§ WHAT THE TASK ASKS: Taking the line with "L'objectif est de" as the first and the line with "Фото: Еженедельный долив" as the last, set down the lines below exactly, pictures excluded.
== RECORDS PROVIDED ==
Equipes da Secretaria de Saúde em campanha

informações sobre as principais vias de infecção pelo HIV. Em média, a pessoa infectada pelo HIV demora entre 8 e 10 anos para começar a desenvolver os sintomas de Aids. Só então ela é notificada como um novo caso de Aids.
===
== RECORDS PROVIDED ==
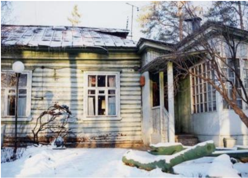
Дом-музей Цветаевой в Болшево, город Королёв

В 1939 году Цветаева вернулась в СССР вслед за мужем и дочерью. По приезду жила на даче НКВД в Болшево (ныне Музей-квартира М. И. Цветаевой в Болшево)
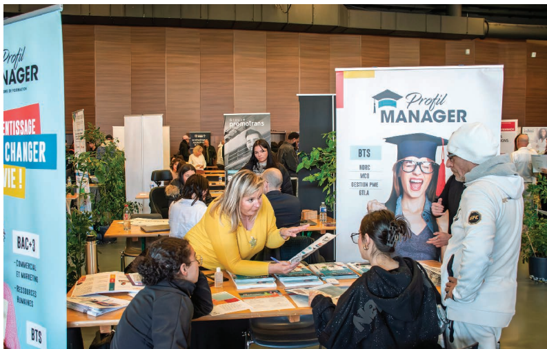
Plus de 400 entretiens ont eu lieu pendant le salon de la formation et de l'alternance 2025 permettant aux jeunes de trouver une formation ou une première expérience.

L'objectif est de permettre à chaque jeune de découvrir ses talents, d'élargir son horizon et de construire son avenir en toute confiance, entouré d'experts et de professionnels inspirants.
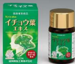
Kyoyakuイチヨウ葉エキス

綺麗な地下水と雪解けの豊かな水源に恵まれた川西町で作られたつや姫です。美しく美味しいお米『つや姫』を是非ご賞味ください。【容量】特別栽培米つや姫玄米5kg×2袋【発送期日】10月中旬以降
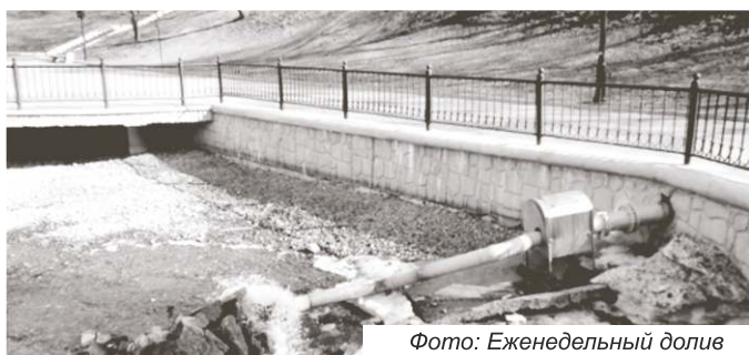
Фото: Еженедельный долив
===
== RECORDS PROVIDED ==
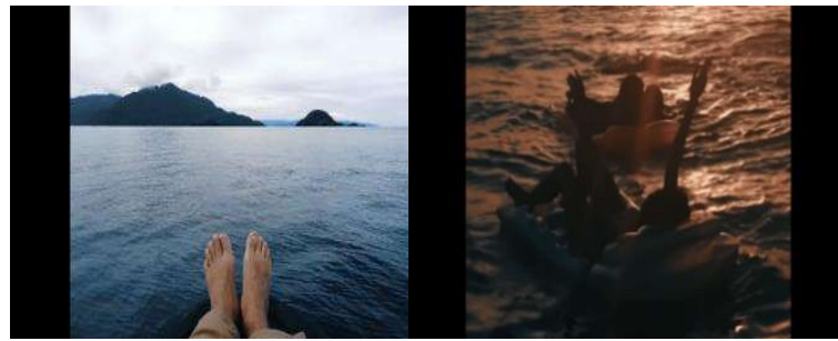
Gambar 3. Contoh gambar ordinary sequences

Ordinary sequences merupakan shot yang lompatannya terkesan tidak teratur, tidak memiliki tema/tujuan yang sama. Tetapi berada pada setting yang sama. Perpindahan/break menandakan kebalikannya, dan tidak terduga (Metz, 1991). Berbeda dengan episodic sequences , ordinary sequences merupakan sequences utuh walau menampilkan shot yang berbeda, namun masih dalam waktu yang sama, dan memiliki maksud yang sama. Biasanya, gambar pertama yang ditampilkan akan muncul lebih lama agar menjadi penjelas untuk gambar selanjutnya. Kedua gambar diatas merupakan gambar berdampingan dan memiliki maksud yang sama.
===
§ RESULT OF THIS TASK:
L'objectif est de permettre à chaque jeune de découvrir ses talents, d'élargir son horizon et de construire son avenir en toute confiance, entouré d'experts et de professionnels inspirants.
Kyoyakuイチヨウ葉エキス

綺麗な地下水と雪解けの豊かな水源に恵まれた川西町で作られたつや姫です。美しく美味しいお米『つや姫』を是非ご賞味ください。【容量】特別栽培米つや姫玄米5kg×2袋【発送期日】10月中旬以降
Фото: Еженедельный долив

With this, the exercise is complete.